Read-back: pull — Stored memory re-enters work through explicit browse, gather, match, bind, yield, SDK, CLI, browser, and MCP calls. The system supports live event subscriptions and collaboration signals, but the inspected code does not automatically push retained project memory into an agent's next model invocation without a caller requesting a read.

Gather read-back loads one focal annotation, its selected source span, bounded before/after context, target resource context when linked, graph neighborhood, sibling entity types, cited-by resources, optional LLM relationship summary, and optional vector-similar annotation spans. Matcher read-back searches names, entity types, graph neighbors, vector results, and optional LLM-scored candidates, then returns ranked resources. Browser read-back serves resources, annotations, histories, reverse references, entity types, tag schemas, and directory views. Effective precision, context dilution, and whether a downstream model obeys the returned context are not verified from code.

The MCP server exposes these reads as ordinary tool handlers. gatherAnnotation returns a JSON context package; browseResource, browseResources, browseHighlights, and browseReferences return resource/annotation views; markAssist, bindBody, yieldResource, and yieldFromAnnotation modify the store. That is an agent-friendly access surface, but still a pull surface.

Curiosity Pass

Semiont's own framing as a semantic knowledge platform can make the graph sound canonical. The implementation is more careful: the event log is the canonical record, while graph and vector stores are projections. That separation is a major trust affordance.

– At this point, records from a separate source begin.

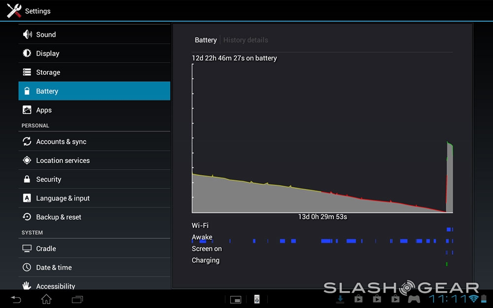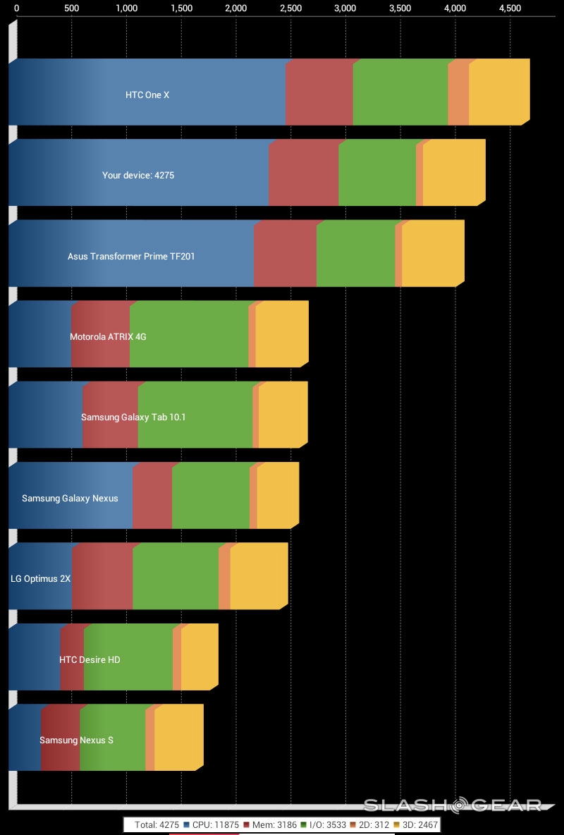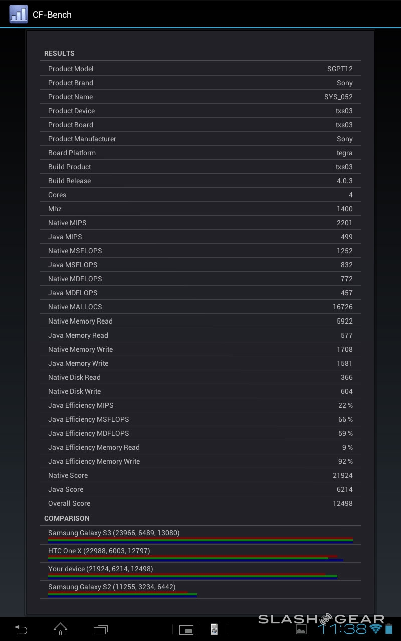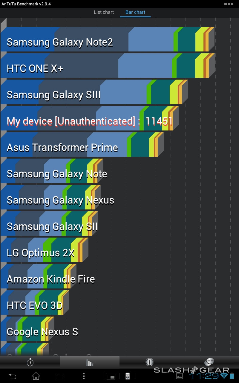 Above you'll see some standard benchmark results as well as an astounding battery readout. As with all of the devices on the market with the NVIDIA Tegra 3 quad-core processor inside, this device has fantastic standby-time as it utilizes NVIDIA's 4-PLUS-1 technology – in this case that means that the "ninja" core (there's 5 cores inside the processor in this device, not just 4) works for low-power tasks and makes the time the display is off a time that the device isn't hounding power – as it should be!
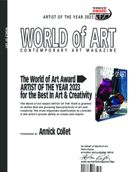 Ik ontving dit document van Petru Russu 10 sept 2023. Hij schreef " This is not about a competition. As your works were featered in several issues of World of Art magazine, we are delighted to inform you that you have been selected as the World of Art ARTIST OF THE YEAR 2023 Award ( Diploma) for the best in Art & Creativity. This is a recognition of your outstanding works and your unique artistic style. Your inspiration and vision have captivated us and many others who appreciate the beauty and meaning of art. We look forward to hearing from you soon."
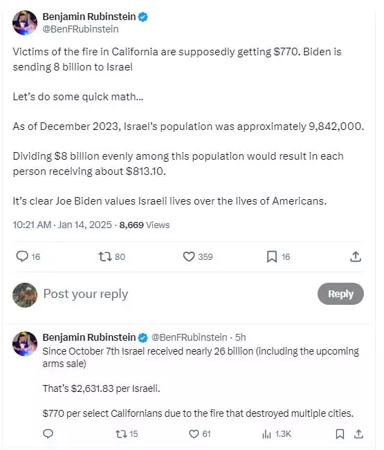 'കാലിഫോർണിയയിലെ അഗ്നിബാധയുടെ ഇരകൾക്ക് 770 ഡോളർ വീതമാണ് ലഭിക്കാൻ പോകുന്നത്. ബൈഡൻ 800 കോടി ഡോളറാണ് ഇസ്രായേലിന് അയക്കുന്നത്. 2023 ഡിസംബറിലെ കണക്കുപ്രകാരം ഇസ്രായേലിലെ ജനസംഖ്യ ഏതാണ്ട് 9,842,000 ആണ്. 800 കോടിയെ ഇസ്രായേലിലെ ഓരോ വ്യക്തിക്കുമായി വീതിച്ചാൽ ഓരോരുത്തർക്കും 813.10 ഡോളർ ലഭിക്കും. ജോ ബൈഡൻ അമേരിക്കയിലെ ജീവിതങ്ങളേക്കാൾ പ്രാധാന്യം നൽകുന്നത് ഇസ്രായേലിനാണ്.' ബെഞ്ചമിൻ റൂബിൻസ്റ്റീൻ എന്നയാൾ എക്സിൽ കുറിച്ചു.
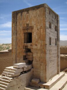 One of the enigmatic features of the complex is a cubical, stone structure standing 12.5 meters tall, and around 7 meters wide, called the "Ka'ba-ye Zartosht" translating to the "Cube of Zoroaster" believed to have been constructed during the Achaemenid era and modified and changed during the Sassanid era. The structure is cubical in base, with blind impressions on the side resembling windows, and a ruined staircase leading to a small door in the front leading to a completely empty interior.[34][35] There are varied speculations as to its function discussed below.
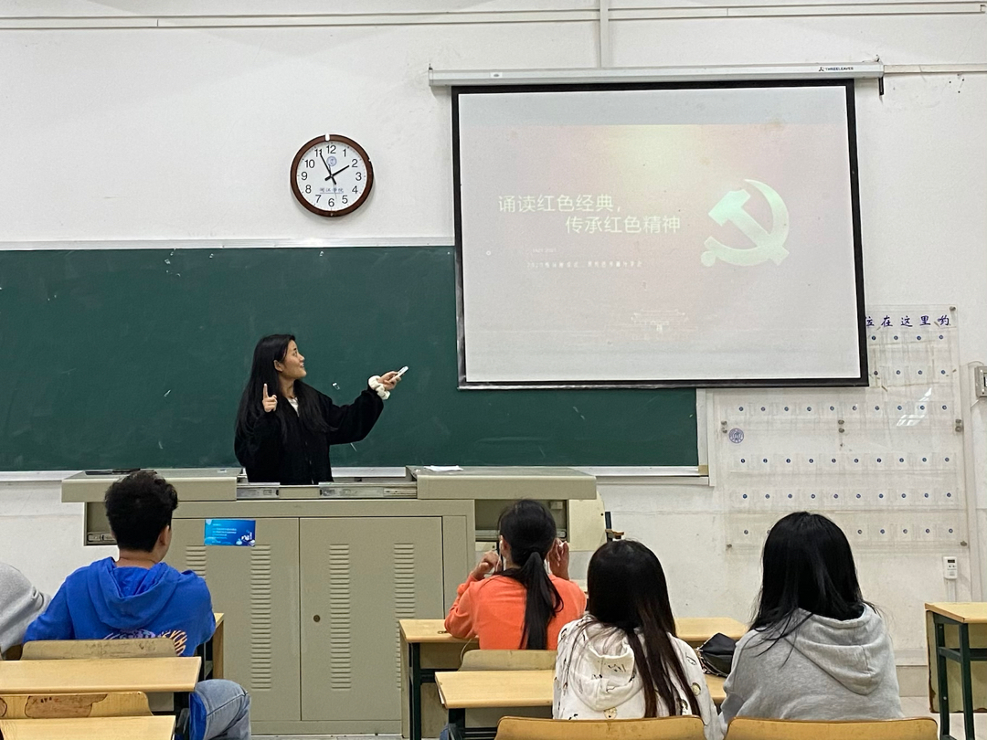图为团支部团支书为大家分享红色书籍 中国青年网通讯员 吴语萱 供图
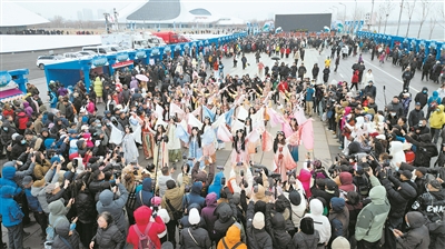 2026哈尔滨开江文化周启动仪式上的歌舞表演。
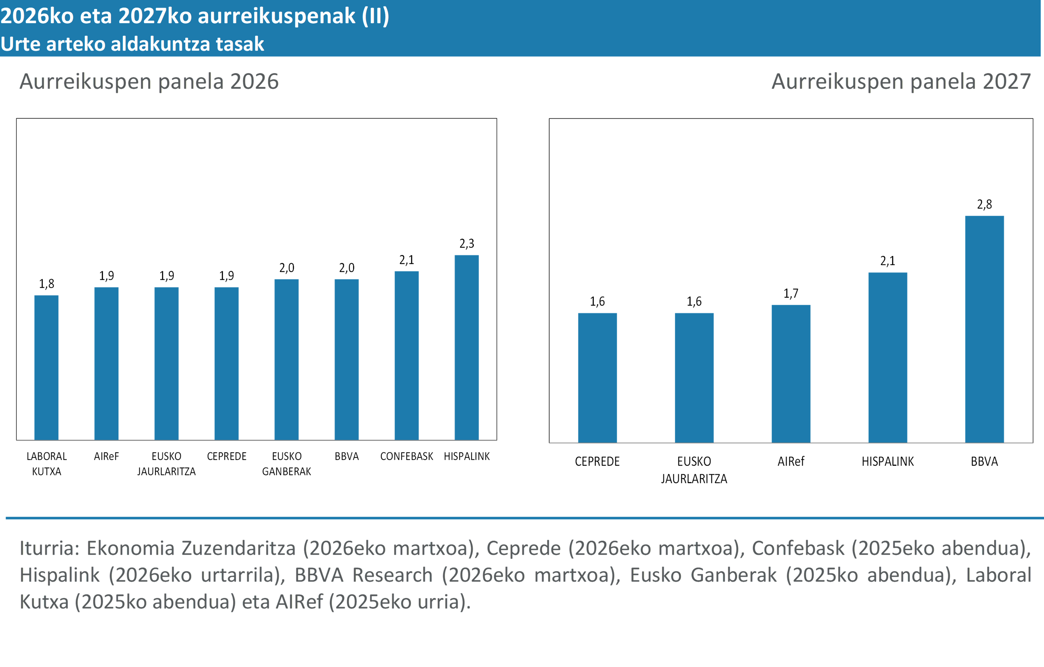 2026-2027 aldirako euskal ekonomiaren aurreikuspenak egiteko erabilitako hipotesiak muturreko ziurgabetasunean formulatzen dira, Ekialde Hurbileko gatazka dela eta. Gatazkaren intentsitatea eta, batez ere, iraupena zehazteko ezintasunak zaildu egiten du gatazkaren garapen posible oro bide makroekonomiko zuhurra proiektatzeko agertoki nagusi gisa hartzea; horrela, martxoko lehen asteetan jada gertatutakoaren ondorioak hartu dira kontuan koadro makroekonomikoa egiteko. Aurreikuspenen ariketa osatzeko, eta gatazkaren atariko fasea dela eta, eraginaren zenbatespen ariketa bat egin da, aurreikuspen honen ondoren datorrena, eta emaitzak shocka garatzeko bide posibleetara estrapola daitezke.
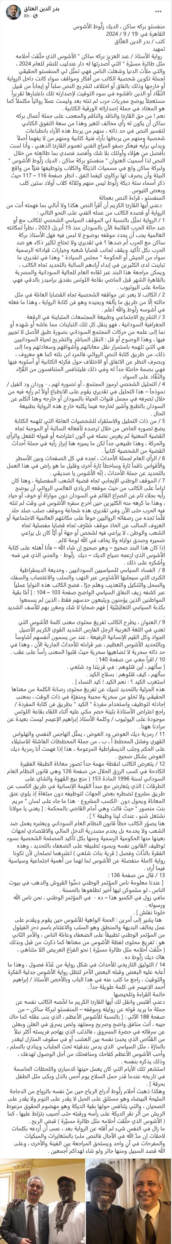 الخال المهندس، و الناقد الأدبي الأكثر بريقا في السودان: بدر الدين العتاق: كل الحب و التقدير. عودا حميدا. نحمد الله لحل مشكلة الباسويرد. البورد يحتاجك لأن فضاءآتك الكتابية مختلفة، محفزة للفكر، أكثر عمقا، و تصنف الأفضل ديباجة من ناحية اللغة. و أنا أقترح عليك مراسلة أيا من الزملاء الأفاضل الآتية أسماءهم: 1 - Yasir A Elsharif ( الدكتور طبيب ياسر الشريف، و هو من مواطني الأبيض و يعرف صهرك ، زوج بنت عمك، المرحوم صديق محمدخير. 2 - المهندس: حيدر حسن ميرغني 3 -مولانا: Hafiz Bashir ليشرحوا كيفية رفع الفيديوهات، الصور، والموضوعات التي تنشرها على التواصل الإجتماعية، رفعها لمنبر سودانيز اونلاين للنقاش حتي يطلع قراء المنبر على نشاطك الثقافي و الإعلامي الثر في المنابر الثقافية بدولة مصر الشقيقة مصر، و كءلك مؤلفاتك العديدة في مختلف ضروب المعرفة. الأستاذ بدر الدين العتاق يعتبر الاديب و الكاتب السوداني الأبرز و الأوسع نشاطا في الأوساط الثقافية المصرسودانية بقاهرة المعوز، و قد نال على جوائز تقديرية عديدة مكافأة له على نشاطاتة الثرة في الأروقة الثقافية بدولة مصر الشقيقة.
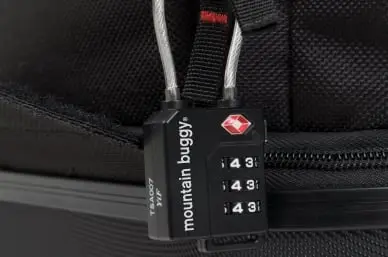 travel bags built in “gate checked” tag ensures your buggy is easily identifiable; and its durable base, sturdy zips and TSA approved padlock keep all pieces of your buggy together safely and securely.

The AI-assisted annotation path is powerful but narrower than "memory learning." It extracts marks from source content under a user-requested job, validates anchors, and persists annotations. It does not consolidate old memories, infer project rules from repeated agent behavior, or self-promote lessons into instructions.

The concurrency model is deliberately append/replay oriented. Concurrent annotation creation does not merge; body operations apply in event order without an If-Match check. That is simple and replayable, but workflows needing exclusive review have to enforce it at the application layer.

The strongest Commonplace-relevant idea is not vectors; it is the unresolved-reference lifecycle. A source span can be marked before the correct target is known, reviewed, then bound into a graph edge. That is a practical middle ground between ad hoc links and over-eager automated graph construction.

What to Watch

  • Whether Semiont adds agent hooks that automatically gather or inject KB context before arbitrary model calls; that would change read-back from pull to both.
  • Whether AI workers begin learning from collaboration/event traces rather than only source documents; that would require a trace-derived learning reclassification.
  • Whether generated resources and bindings become autonomous multi-step curation loops; that would expand write-side operations beyond the current narrow auto-bind evolution.
  • Whether graph/vector projections gain independent durable authority; that would weaken the current clean event-log source-of-truth story.
  • Whether evaluations add per-decision read-back ablations or post-action audits; that would strengthen faithfulness claims for gathered and matched context.

Relevant Notes:

  • Knowledge storage does not imply contextual activation - supports classifying Semiont's store as pull read-back despite strong browse/gather/match access surfaces.
  • Axes of artifact analysis - supports separating events, annotations, graph projections, vector indexes, and MCP/SDK surfaces by substrate, form, lineage, and authority.
  • Knowledge artifact - frames source resources, annotations, gathered context, and candidate lists as evidence/reference for later work.
  • System-definition artifact - distinguishes Semiont's flow contracts, validators, projections, and ranking paths from ordinary remembered content.
  • Lineage - applies to Semiont's event replay, generated resources, W3C generator metadata, and projection invalidation boundaries.